*** Opening Provided data ***

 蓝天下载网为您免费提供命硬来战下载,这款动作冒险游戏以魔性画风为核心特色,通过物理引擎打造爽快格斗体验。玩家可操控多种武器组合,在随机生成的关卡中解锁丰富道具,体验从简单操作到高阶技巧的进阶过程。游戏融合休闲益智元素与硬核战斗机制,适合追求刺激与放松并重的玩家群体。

*** Closing Provided data ***
*** Opening Provided data ***

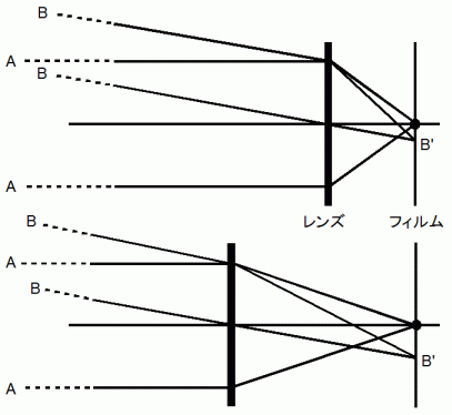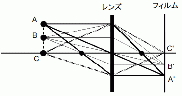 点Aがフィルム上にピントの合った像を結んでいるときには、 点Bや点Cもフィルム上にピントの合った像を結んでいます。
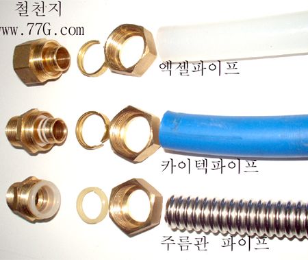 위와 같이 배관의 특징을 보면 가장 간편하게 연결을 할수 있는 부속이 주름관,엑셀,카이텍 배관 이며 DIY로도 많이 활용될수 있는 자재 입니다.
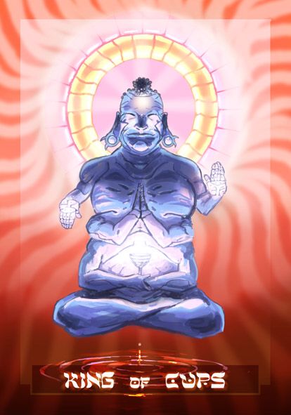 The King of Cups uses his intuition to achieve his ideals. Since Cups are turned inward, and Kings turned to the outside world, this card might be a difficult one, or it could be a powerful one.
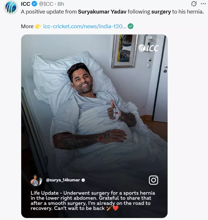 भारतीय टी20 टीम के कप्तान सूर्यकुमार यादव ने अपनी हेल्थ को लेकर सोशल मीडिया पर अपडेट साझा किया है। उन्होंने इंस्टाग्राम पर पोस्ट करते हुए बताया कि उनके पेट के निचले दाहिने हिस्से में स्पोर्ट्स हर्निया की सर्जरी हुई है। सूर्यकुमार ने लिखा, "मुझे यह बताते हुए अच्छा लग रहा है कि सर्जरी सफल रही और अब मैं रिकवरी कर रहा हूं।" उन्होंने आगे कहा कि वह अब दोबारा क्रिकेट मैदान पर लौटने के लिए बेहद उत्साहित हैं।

*** Closing Provided data ***
*** Opening Provided data ***

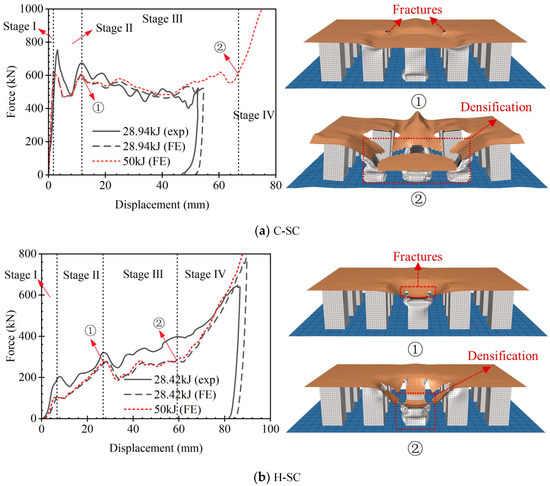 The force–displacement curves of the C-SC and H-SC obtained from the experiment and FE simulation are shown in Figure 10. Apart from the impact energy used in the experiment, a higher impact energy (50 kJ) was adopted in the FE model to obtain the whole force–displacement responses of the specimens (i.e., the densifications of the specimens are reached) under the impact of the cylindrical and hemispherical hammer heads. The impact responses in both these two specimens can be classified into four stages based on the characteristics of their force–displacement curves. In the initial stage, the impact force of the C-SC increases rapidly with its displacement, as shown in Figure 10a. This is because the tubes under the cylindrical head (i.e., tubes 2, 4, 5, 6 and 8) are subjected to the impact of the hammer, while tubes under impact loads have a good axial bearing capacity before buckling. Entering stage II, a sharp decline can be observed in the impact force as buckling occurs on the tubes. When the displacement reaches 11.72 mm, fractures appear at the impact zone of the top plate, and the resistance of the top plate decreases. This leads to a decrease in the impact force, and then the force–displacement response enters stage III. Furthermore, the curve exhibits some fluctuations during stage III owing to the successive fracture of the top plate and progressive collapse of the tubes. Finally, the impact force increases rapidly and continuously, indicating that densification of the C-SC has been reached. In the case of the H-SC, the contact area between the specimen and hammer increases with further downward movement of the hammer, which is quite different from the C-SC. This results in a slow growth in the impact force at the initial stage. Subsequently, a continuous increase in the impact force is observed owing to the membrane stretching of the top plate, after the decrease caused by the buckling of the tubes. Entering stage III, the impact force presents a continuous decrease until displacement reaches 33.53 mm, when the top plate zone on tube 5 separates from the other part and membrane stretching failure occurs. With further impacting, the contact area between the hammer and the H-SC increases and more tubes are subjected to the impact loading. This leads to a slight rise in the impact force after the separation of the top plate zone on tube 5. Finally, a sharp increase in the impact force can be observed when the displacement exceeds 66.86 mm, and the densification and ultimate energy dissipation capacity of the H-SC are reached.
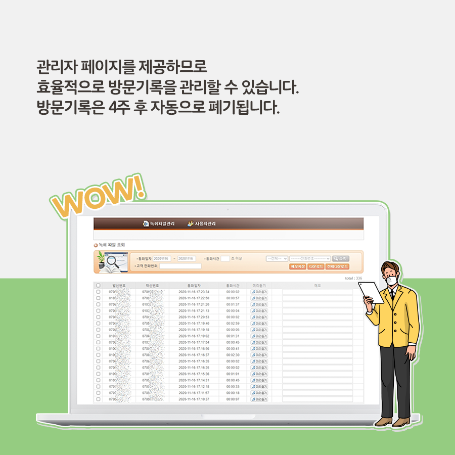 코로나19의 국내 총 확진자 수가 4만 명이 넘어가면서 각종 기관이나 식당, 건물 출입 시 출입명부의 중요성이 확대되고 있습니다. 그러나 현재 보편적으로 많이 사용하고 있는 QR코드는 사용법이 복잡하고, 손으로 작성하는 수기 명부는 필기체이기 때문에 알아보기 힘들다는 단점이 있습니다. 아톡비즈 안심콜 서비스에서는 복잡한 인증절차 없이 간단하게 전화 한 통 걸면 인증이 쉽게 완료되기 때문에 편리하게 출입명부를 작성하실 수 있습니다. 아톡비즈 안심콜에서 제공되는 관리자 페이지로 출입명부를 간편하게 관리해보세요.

*** Closing Provided data ***

### Exercise goal
"The King of" marks the first line to copy, and "भारतीय टी20 टीम" marks the last. Repeat that stretch above exactly, with no pictures.

### Result of the task
 The King of Cups uses his intuition to achieve his ideals. Since Cups are turned inward, and Kings turned to the outside world, this card might be a difficult one, or it could be a powerful one.
 भारतीय टी20 टीम के कप्तान सूर्यकुमार यादव ने अपनी हेल्थ को लेकर सोशल मीडिया पर अपडेट साझा किया है। उन्होंने इंस्टाग्राम पर पोस्ट करते हुए बताया कि उनके पेट के निचले दाहिने हिस्से में स्पोर्ट्स हर्निया की सर्जरी हुई है। सूर्यकुमार ने लिखा, "मुझे यह बताते हुए अच्छा लग रहा है कि सर्जरी सफल रही और अब मैं रिकवरी कर रहा हूं।" उन्होंने आगे कहा कि वह अब दोबारा क्रिकेट मैदान पर लौटने के लिए बेहद उत्साहित हैं।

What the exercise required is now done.